MODAK has not yet been tested in systematic and controlled studies. Such studies are both desirable and necessary. However, there is increased interest in researching MODAK both in Denmark and in Germany, which has resulted in smaller qualitative studies of the method's effect on a few individuals with aphasia in a time limited, intensive course. In the light of the good practical experience and the solid theoretical foundation on which the method is based, MODAK is an effective and very useful tool for the speech and language therapy for people with aphasia
MODAK was developed by the German clinical linguist and speech therapist Dr. Luise Lutz in the 1980s. Dr. Luise Lutz developed the concept based on practical work with severely aphasic individuals after teaching for many years at various universities. The method became known in Germany and was frequently used by numerous speech therapists. Since then, Luise Lutz has held numerous MODAK courses in Germany and Austria, and occasionally in Switzerland, Belgium, Australia, and other countries. In 2012, the first Danish MODAK course was conducted in close collaboration between Luise Lutz and Karina Lønborg, after which the method was translated and adapted to Danish . In 2016, Karina Lønborg took over all courses in German-speaking countries and in Denmark, and introduced the method in Sweden as well. In 2023, an online course is also planned in Norway.
Dr. Luise Lutz
- Has studied linguistics (specializing in neurolinguistics/patholinguistics), speech therapy, and psychology at universities in Hamburg, Edinburgh, Paris, and Brussels.

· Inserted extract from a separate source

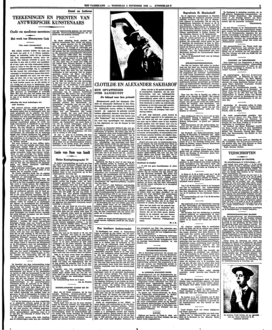 Clotilde en Alexander Sakharof zijn zeer geneigd over de geheimen van hun métier met den interviewer te spreken. Zij hullen zich niet in een mysterieus waas, maar houden blijkbaar van een gesprek over hun ‘vocabulaire’, dat in laatste instantie natuurlijk niet onder woorden is te brengen, omdat de beweging bij de beoordeeling van den dans den doorslag geeft. Een uitwisseling van meeningen over danskunst blijft daarom altijd iets voorloopigs, maar daarom kan het toch wel degelijk zijn nut hebben ook de theoretische overwegingen van dansers te noteeren. De heer en mevrouw Sakharof vullen elkaar in het gesprek uitstekend aan; ook in de theorie zijn zij.. partners, die ieder voor zich een streven naar evocatieve kunst belichamen; belichamen ditmaal in den letterlijksten zin, dien het woord maar kan hebben.

- Has taught neurolinguistics/patholinguistics for 15 years at universities in Hamburg, Bremen, Osnabrück, and at Humboldt University in Berlin.
- Has worked as a clinical linguist/speech therapist in the field of "neurological rehabilitation" since 1979 and has developed the concept of MODAK for teaching individuals with aphasia.
- Has acted as an entrepreneur and support person for self-help organizations for person with aphasia for many years.
- Is the author of the books "Das Schweigen verstehen" (Understanding Silence), Springer 2011 and "MODAK - Modalitätenaktivierung in der Aphasietherapie" (MODAK - Modality Activation in Aphasia Therapy), Springer Verlag, 1997, 2009, 2016.
- Has given countless lectures and courses on aphasia and MODAK in Germany, Austria, Switzerland, and Denmark until 2016.
- Continued to work on the development of the MODAK concept until her death in 2022 at the age of 91, in collaboration with Karina Lønborg since 2012
- Received a diploma in speech therapy from the University of Dortmund in 1995
- Has worked for many years with all speech therapy issues for children and adults at a private speech therapy clinic in Oberhausen, Germany
- Has been employed at the ViSP Communication Center in Næstved since 2009, where she works as a speech therapy consultant specialized in aphasia and dysarthria
- Has been heavily involved with MODAK since 2011 and, in close collaboration with author Dr. Luise Lutz, translated and adapted the method from German to Danish in "MODAK - modalitetsaktivering i afasiundervisningen" (MODAK - Modality Activation in Aphasia Rehabilitation), ViSP, 2012
- Has offered courses in the MODAK method in Denmark since 2012, and since 2016 in Germany, Austria, and Sweden
- Developed the danish MODAK app in collaboration with Mads Møllevang Nielsen and Palle Møller Petersen
- Is currently working on writing a new, revised edition of the German version of the MODAK book, where she has delved into the topics of MODAK group treatment and working with relatives.